In “Ant-Man,” Paul Rudd stars as ex-con Scott Lang, who burglarizes the home of Dr. Hank Pym (Michael Douglas) and unknowingly steals a suit that, when worn and powered by Pym Particles, will shrink him to the size of an ant. What Lang doesn’t realize is that the theft of the outfit is the first part of a test where Pym enlists Lang and his crew to go on a heist mission to steal a similarly functioning Yellowjacket suit from his former colleague, Darren Cross (Corey Stoll).

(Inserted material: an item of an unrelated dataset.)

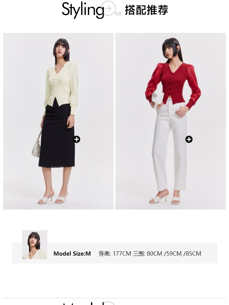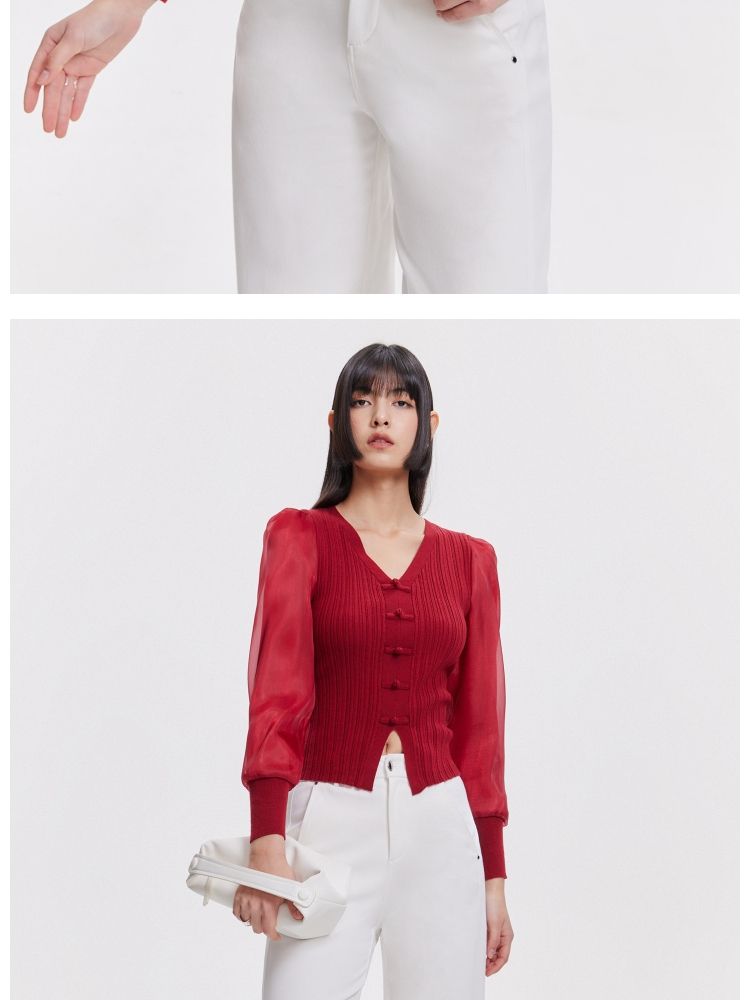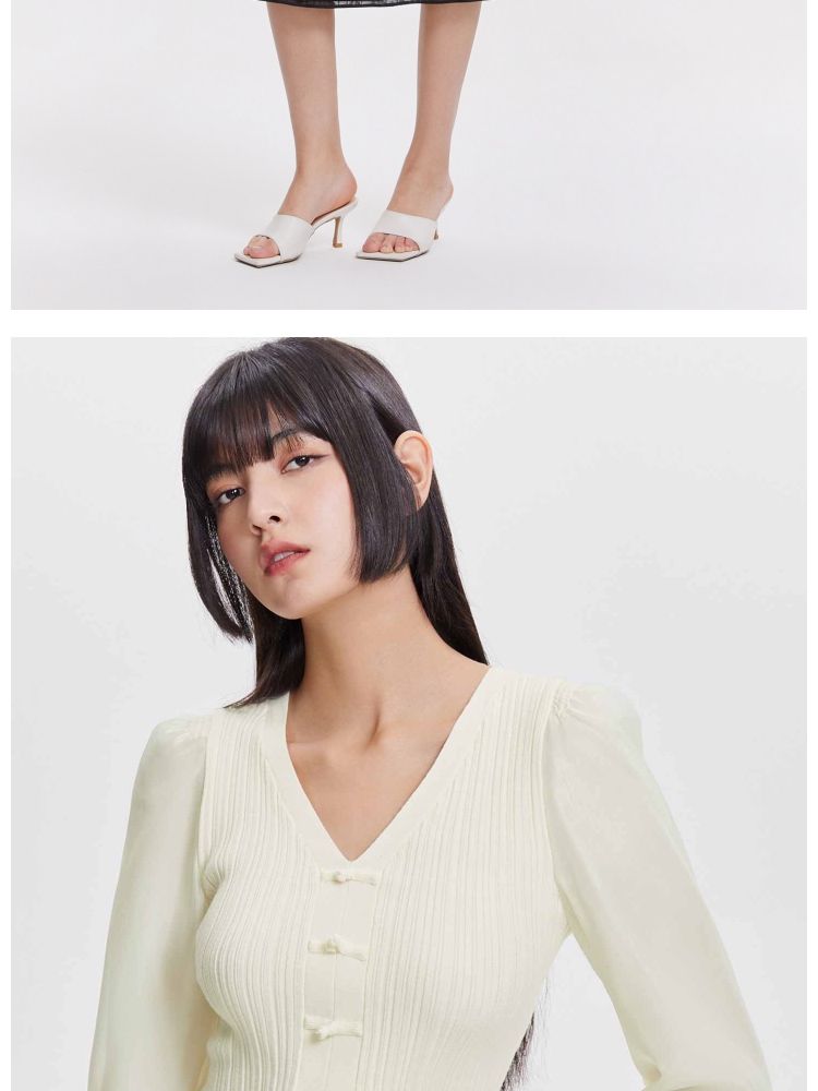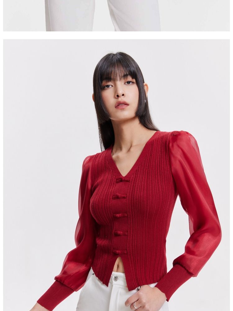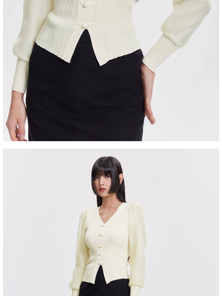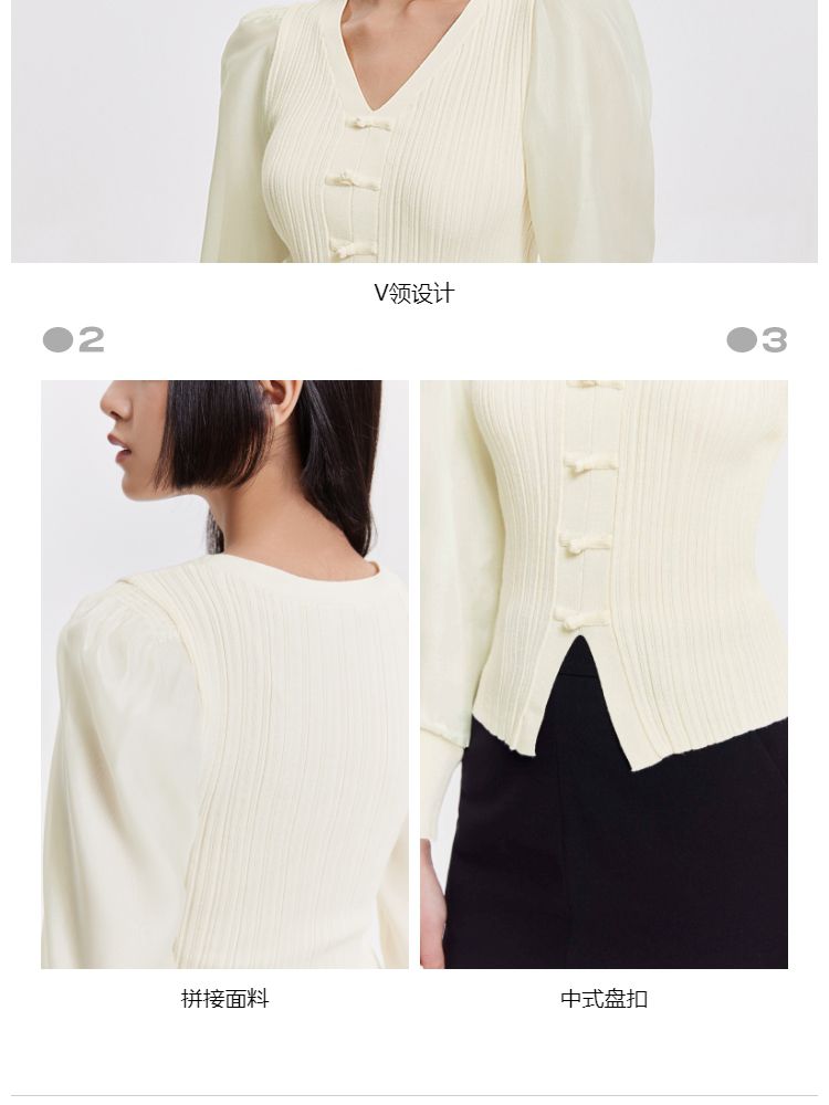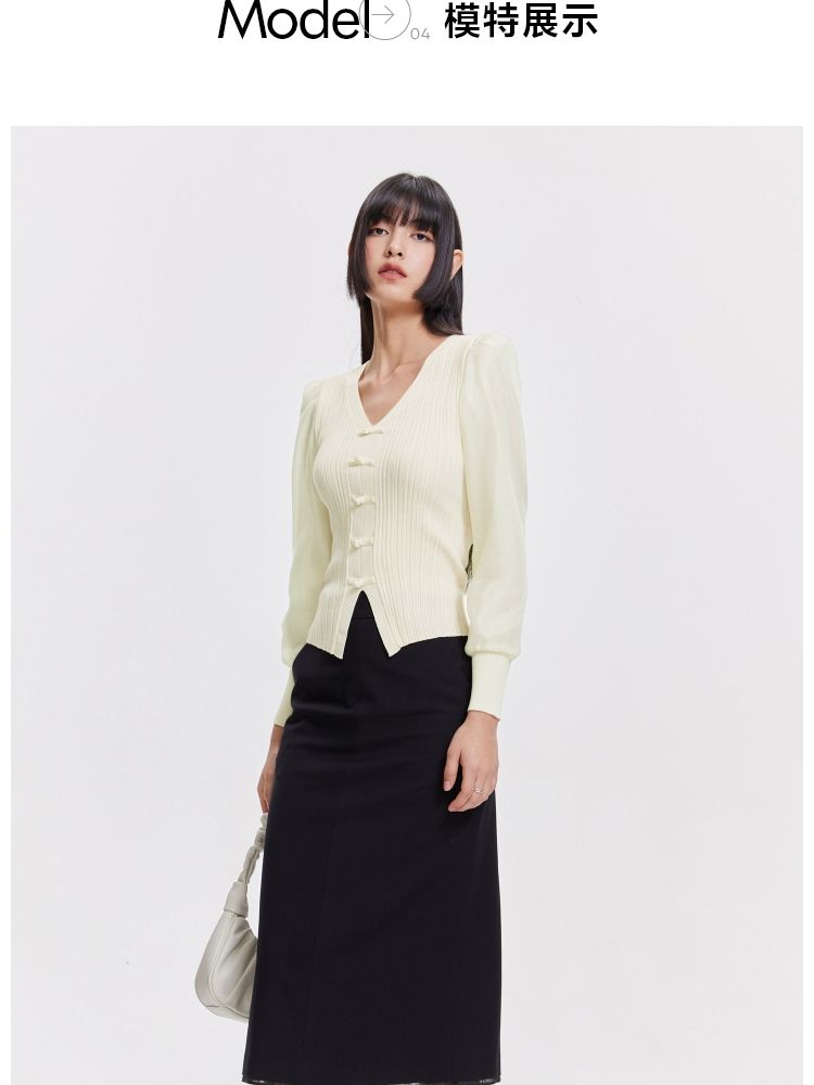 商品名称:【设计感】春季简约百搭拼接V领毛衣针织衫女 811674

Cross’ use of the shrinking technology is driven by sinister intentions.

Tiptoeing around what he could reveal during the podcast about the NDA he signed when he left “Ant-Man,” Edgar Wright noted during the “Reel Feedback Podcast” that perhaps the major difference between his and Joe Cornish’s screenplay and what fans eventually saw was that their version of the tale was more self-contained. “[It] didn’t have cameos from other MCU characters [apart from an end tease] and it was much more of a crime heist movie, with interlocking robberies and heists throughout, a little like Donald Westlake’s ‘The Hot Rock,'” Wright said, referring to the screenwriter of the 1972 action crime comedy starring Robert Redford.

Despite additional work on the “Ant-Man” script by “Anchorman” filmmaker Adam McKay and Rudd, Wright and Cornish also received co-screenwriting and story credits on the superhero film. The character originated at Marvel Comics, of course, as the creation of Stan Lee, Jack Kirby, and Larry Lieber.